In the lectures I am following, we are trying to show that
$AB = I \implies B=A^{-1}$, given that A and B are $n \times n$ square matrices. Of course we don't know if A and B are invertible or nonsingular etc. First we need to show these. It follows in the lectures that for a $\vec y \in R^n$,
$$A(B\vec y) = \vec y$$ and thus for every $\vec y$, there is a solution $B \vec y$. Thus the system is consistent with its coefficient matrix as $A$. Then the proof says $A$ must be nonsingular.
I am lost at this reasoning. How did we jump to the fact that $A$ is nonsingular?

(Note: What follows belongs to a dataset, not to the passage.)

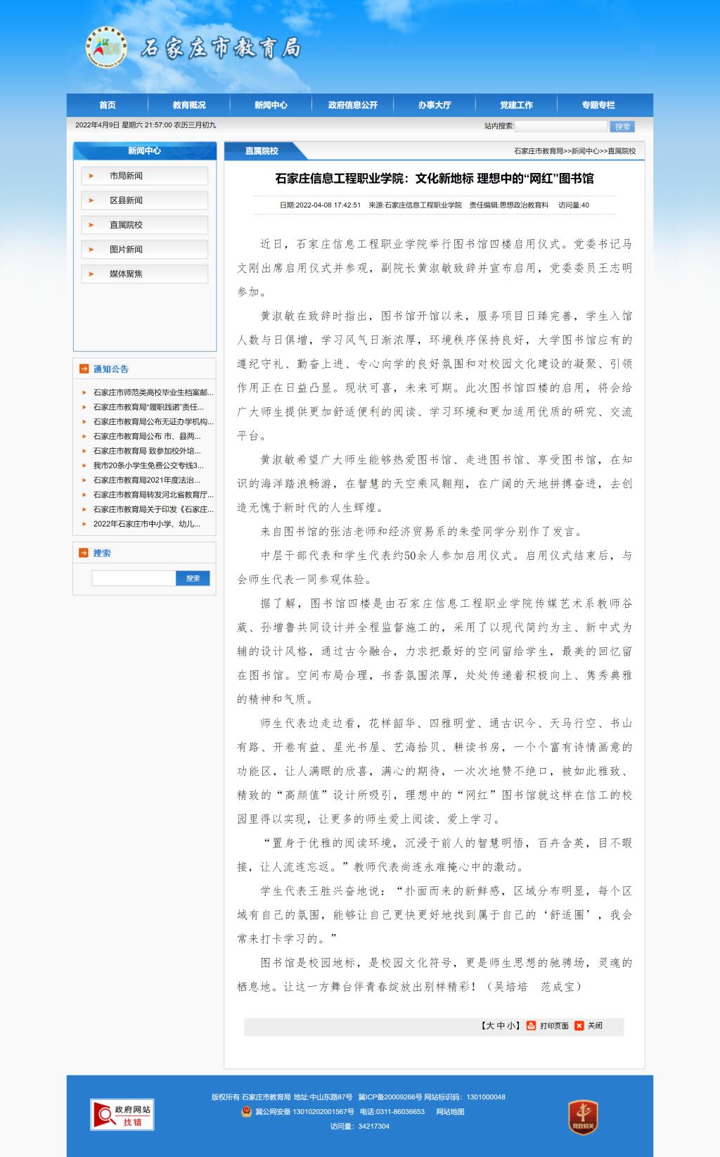 近日,beat365英国官网举行图书馆四楼启用仪式。党委书记马文刚出席启用仪式并参观,副院长黄淑敏致辞并宣布启用,党委委员王志明参加。

How can I know that $B \vec y$s are unique for all $\vec y$? Maybe the system has infinitely many solutions?
For reference, this is from Theodore Shifrin's Math 3500 Lectures on Youtube, Day 33, around time 35:00.

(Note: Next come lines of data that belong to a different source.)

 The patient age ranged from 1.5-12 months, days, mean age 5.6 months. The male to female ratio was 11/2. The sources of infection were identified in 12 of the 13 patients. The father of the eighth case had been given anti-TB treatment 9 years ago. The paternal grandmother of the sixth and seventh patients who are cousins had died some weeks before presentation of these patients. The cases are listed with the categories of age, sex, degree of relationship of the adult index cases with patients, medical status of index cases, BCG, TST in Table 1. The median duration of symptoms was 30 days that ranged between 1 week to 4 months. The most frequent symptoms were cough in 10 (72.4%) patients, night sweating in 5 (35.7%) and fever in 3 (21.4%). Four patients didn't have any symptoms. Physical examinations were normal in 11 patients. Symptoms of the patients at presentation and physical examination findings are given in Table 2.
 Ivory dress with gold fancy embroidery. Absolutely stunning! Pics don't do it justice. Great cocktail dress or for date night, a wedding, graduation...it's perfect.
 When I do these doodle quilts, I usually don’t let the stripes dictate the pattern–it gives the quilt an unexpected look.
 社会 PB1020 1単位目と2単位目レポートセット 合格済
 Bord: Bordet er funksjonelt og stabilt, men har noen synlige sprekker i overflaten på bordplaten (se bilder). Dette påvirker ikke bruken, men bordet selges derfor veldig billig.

$AB = I \implies A, B$ are non-singular matrices.
Proof by contradiction:
Suppose $A$ is singular. $\det(A) = 0.$
Since $\det(AB) = \det(A)\det(B),$ if $\det(A) = 0$ then $\det(AB) = 0.$
$\det(I) =1.$ $\det(AB) \ne \det(I) \implies AB\ne I$
This violates the given condition that $AB= I.$
$A$ is non-singular.
Same logic can be applied for $B.$